Exercise objective: Go through the records and transcribe them exactly, passing over any picture.

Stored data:
• • • • • • •

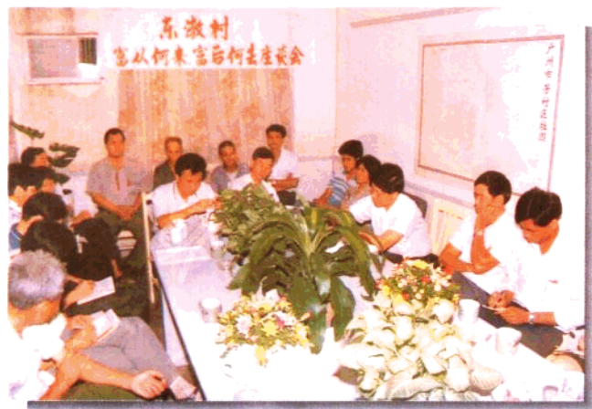
东滘村召开“富从何 来，富后何去”座谈 会
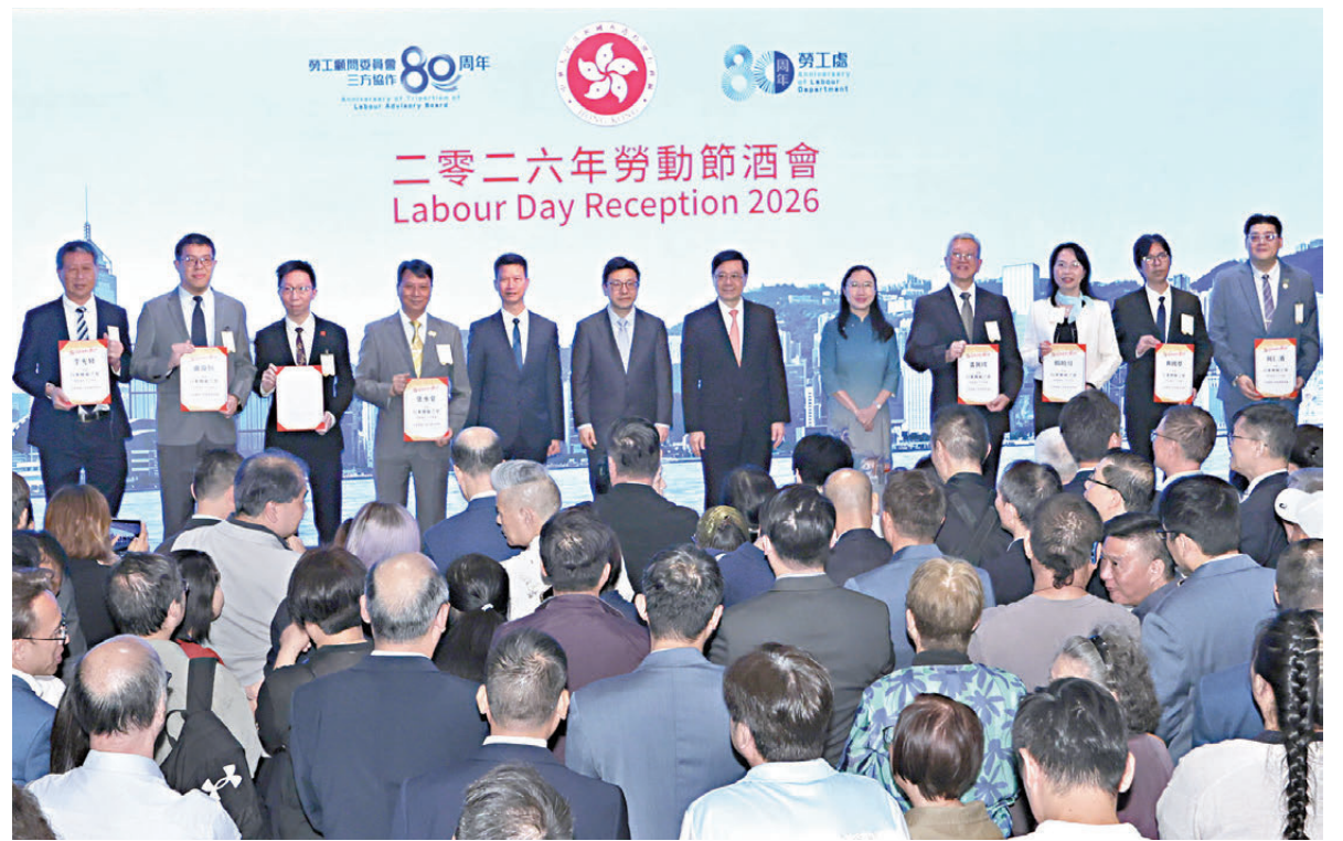
●李家超、孫玉菡、劉焯、許澤森與多名行業模範之星得獎者合照。

酒會上，李家超、立法會主席李慧琼、勞工及福利局長孫玉菡、勞福局常任秘書長劉焯、勞工處處長許澤森，多名立法會議員，以及勞工界、飲食界、零售界、法律界代表等逾500人，舉杯祝願香港打工仔勞動節快樂。
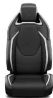
FC21 Čalúnenie textilné/syntetická koža v dizajne GR SPORT s červeným prešívaním Pre výbavu GR SPORT
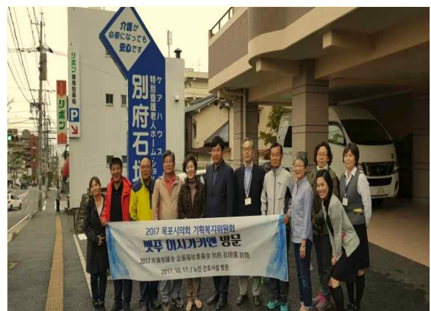
이시가키엔 직원들과 기념사진
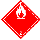
Etiquette 2.1 : gaz inflammable.
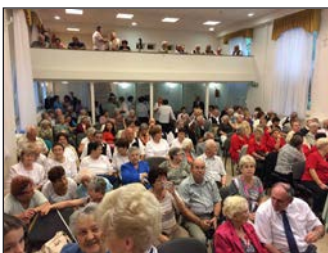
„Dalosok” találkozója 9. oldal
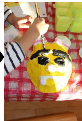
絵の具で丁寧に塗る。
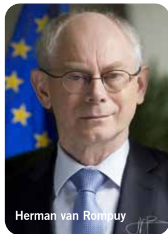
Herman van Rompuy

Het actuele Uitzpunt van Oisterwijk is dagelijks te bewonderen via www.oisterwijknieuws.nl/agenda
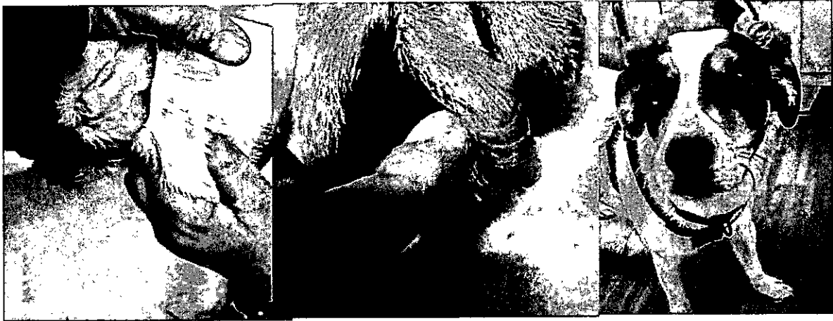
Paciente alérgico alimentario en consulta. Se inicia tratamiento con cambio de alimentación.
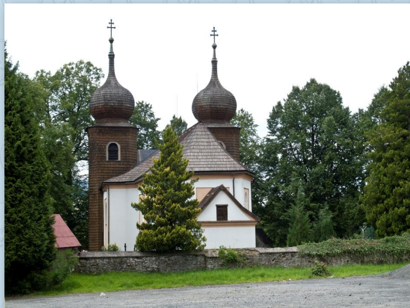
Kostel v Javorné
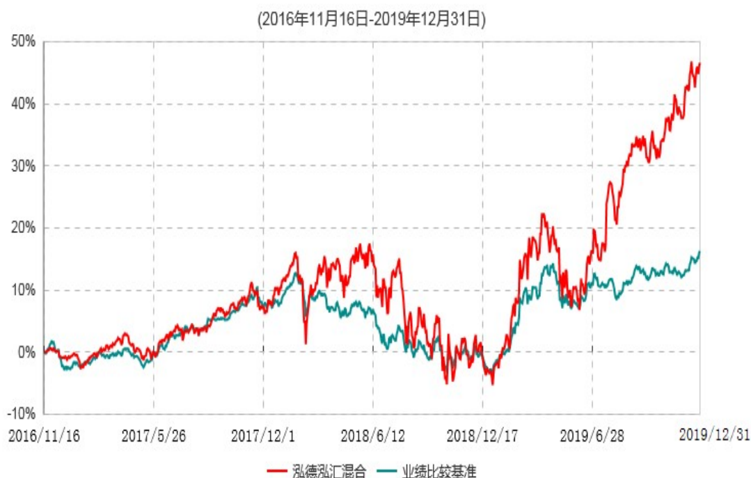
泓德泓汇灵活配置混合型证券投资基金累计净值增长率与业绩比较基准收益率历史走势对比图

注：根据基金合同的约定，本基金建仓期为6个月，截至报告期末，本基金的各项投资比例符合基金合同关于投资范围及投资限制规定。

• • • • • • •

Response area:
东滘村召开“富从何 来，富后何去”座谈 会
●李家超、孫玉菡、劉焯、許澤森與多名行業模範之星得獎者合照。

酒會上，李家超、立法會主席李慧琼、勞工及福利局長孫玉菡、勞福局常任秘書長劉焯、勞工處處長許澤森，多名立法會議員，以及勞工界、飲食界、零售界、法律界代表等逾500人，舉杯祝願香港打工仔勞動節快樂。
FC21 Čalúnenie textilné/syntetická koža v dizajne GR SPORT s červeným prešívaním Pre výbavu GR SPORT
이시가키엔 직원들과 기념사진
Etiquette 2.1 : gaz inflammable.
„Dalosok” találkozója 9. oldal
絵の具で丁寧に塗る。
Herman van Rompuy

Het actuele Uitzpunt van Oisterwijk is dagelijks te bewonderen via www.oisterwijknieuws.nl/agenda
Paciente alérgico alimentario en consulta. Se inicia tratamiento con cambio de alimentación.
Kostel v Javorné
泓德泓汇灵活配置混合型证券投资基金累计净值增长率与业绩比较基准收益率历史走势对比图

注：根据基金合同的约定，本基金建仓期为6个月，截至报告期末，本基金的各项投资比例符合基金合同关于投资范围及投资限制规定。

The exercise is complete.